Your output should be everything below from the line containing "刺しゅう トップス 肌みせビーチカバー ビーチアウター人気" down to the line containing "Kudligi (30 km)", both ends included, copied exactly, with pictures left out.

RECORDS PROVIDED:

__________________________________________________

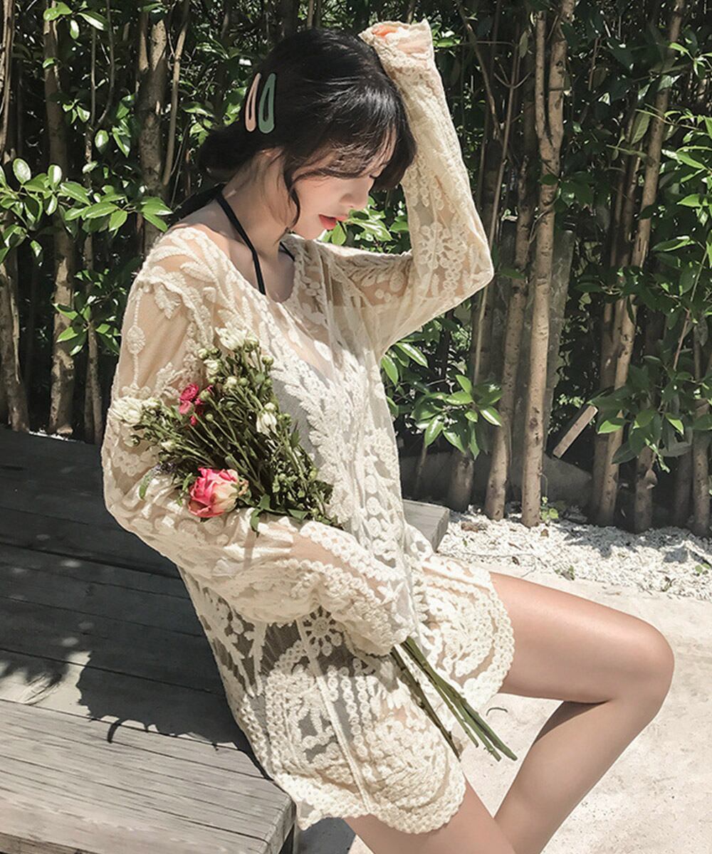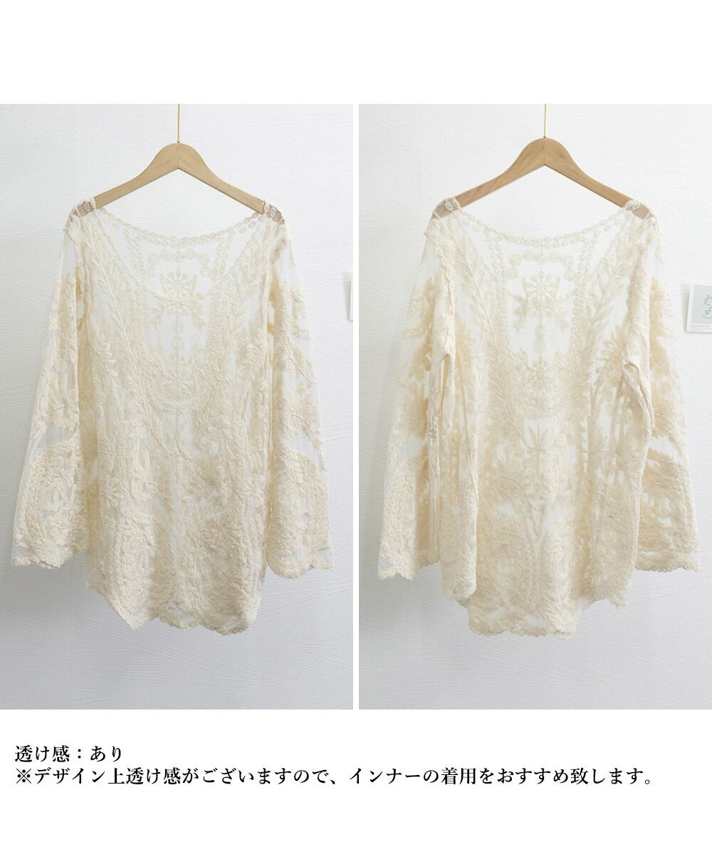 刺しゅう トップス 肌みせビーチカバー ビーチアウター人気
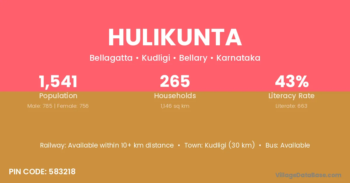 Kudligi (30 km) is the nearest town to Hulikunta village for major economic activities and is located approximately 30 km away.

__________________________________________________

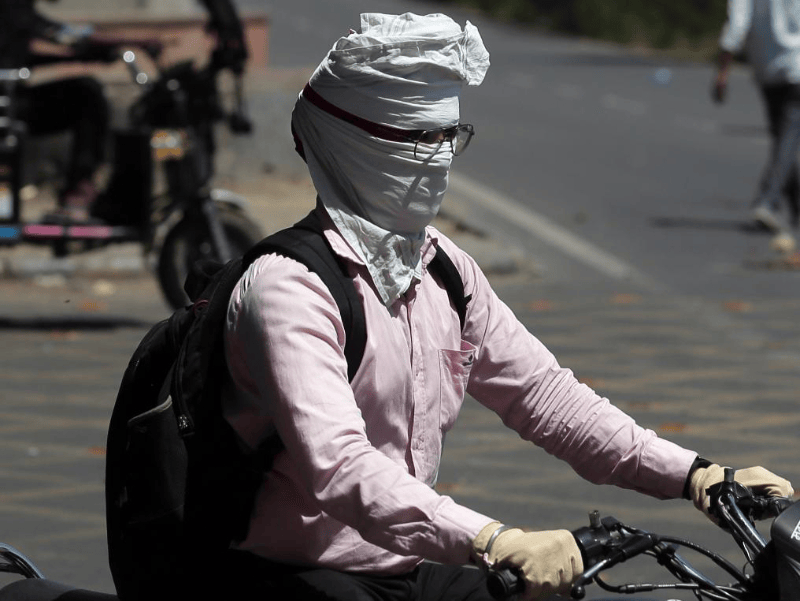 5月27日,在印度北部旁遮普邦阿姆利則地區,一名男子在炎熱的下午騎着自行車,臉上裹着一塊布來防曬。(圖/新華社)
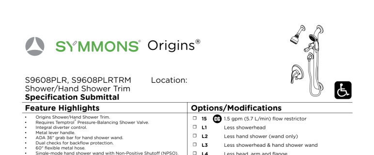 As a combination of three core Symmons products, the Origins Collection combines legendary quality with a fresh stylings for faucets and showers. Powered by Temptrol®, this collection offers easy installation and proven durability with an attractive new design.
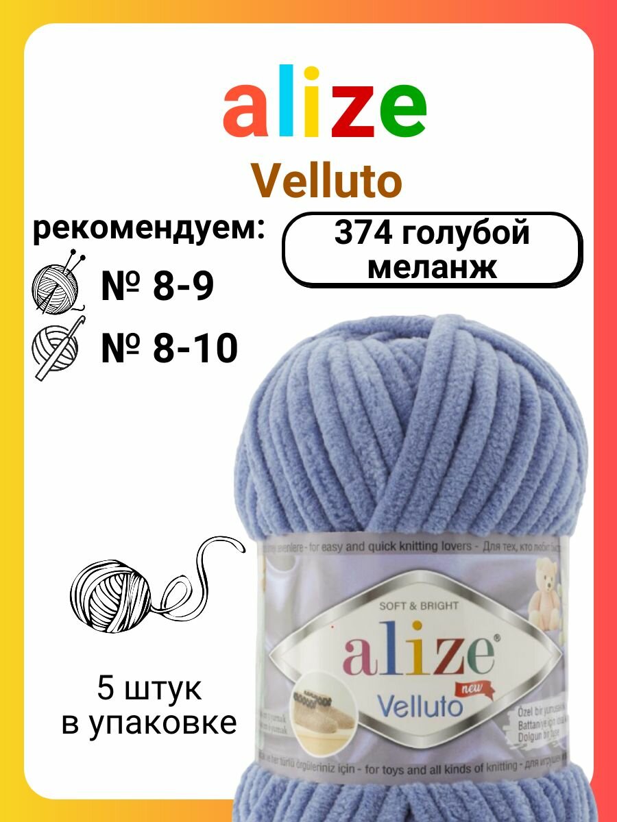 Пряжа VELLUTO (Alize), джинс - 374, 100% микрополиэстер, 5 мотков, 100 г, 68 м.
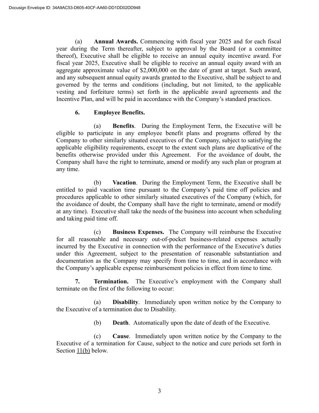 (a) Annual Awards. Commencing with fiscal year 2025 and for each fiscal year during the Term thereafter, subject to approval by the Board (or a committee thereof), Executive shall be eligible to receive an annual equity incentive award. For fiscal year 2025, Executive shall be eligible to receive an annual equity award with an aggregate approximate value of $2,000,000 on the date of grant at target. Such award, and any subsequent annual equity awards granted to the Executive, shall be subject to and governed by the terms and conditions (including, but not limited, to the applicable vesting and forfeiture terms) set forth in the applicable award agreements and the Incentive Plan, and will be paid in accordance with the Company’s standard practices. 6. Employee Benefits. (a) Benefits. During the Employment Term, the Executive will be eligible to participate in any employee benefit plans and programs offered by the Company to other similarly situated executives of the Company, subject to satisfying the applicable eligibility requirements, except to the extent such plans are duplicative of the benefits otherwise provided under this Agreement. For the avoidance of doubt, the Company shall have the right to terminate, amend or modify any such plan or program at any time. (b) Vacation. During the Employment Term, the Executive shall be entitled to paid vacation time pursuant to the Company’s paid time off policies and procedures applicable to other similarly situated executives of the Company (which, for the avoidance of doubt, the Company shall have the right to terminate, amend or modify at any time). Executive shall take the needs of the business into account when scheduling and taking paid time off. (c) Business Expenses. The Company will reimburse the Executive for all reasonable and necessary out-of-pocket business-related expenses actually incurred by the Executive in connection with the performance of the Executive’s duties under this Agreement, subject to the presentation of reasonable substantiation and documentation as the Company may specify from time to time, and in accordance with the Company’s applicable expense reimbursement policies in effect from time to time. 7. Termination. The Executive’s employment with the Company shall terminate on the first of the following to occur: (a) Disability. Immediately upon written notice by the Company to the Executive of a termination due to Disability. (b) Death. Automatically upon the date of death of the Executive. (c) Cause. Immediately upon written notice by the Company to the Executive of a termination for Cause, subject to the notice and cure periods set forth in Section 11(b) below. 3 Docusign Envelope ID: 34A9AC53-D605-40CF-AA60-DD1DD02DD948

__________________________________________________

RESPONSE BELOW:
 刺しゅう トップス 肌みせビーチカバー ビーチアウター人気
 Kudligi (30 km) is the nearest town to Hulikunta village for major economic activities and is located approximately 30 km away.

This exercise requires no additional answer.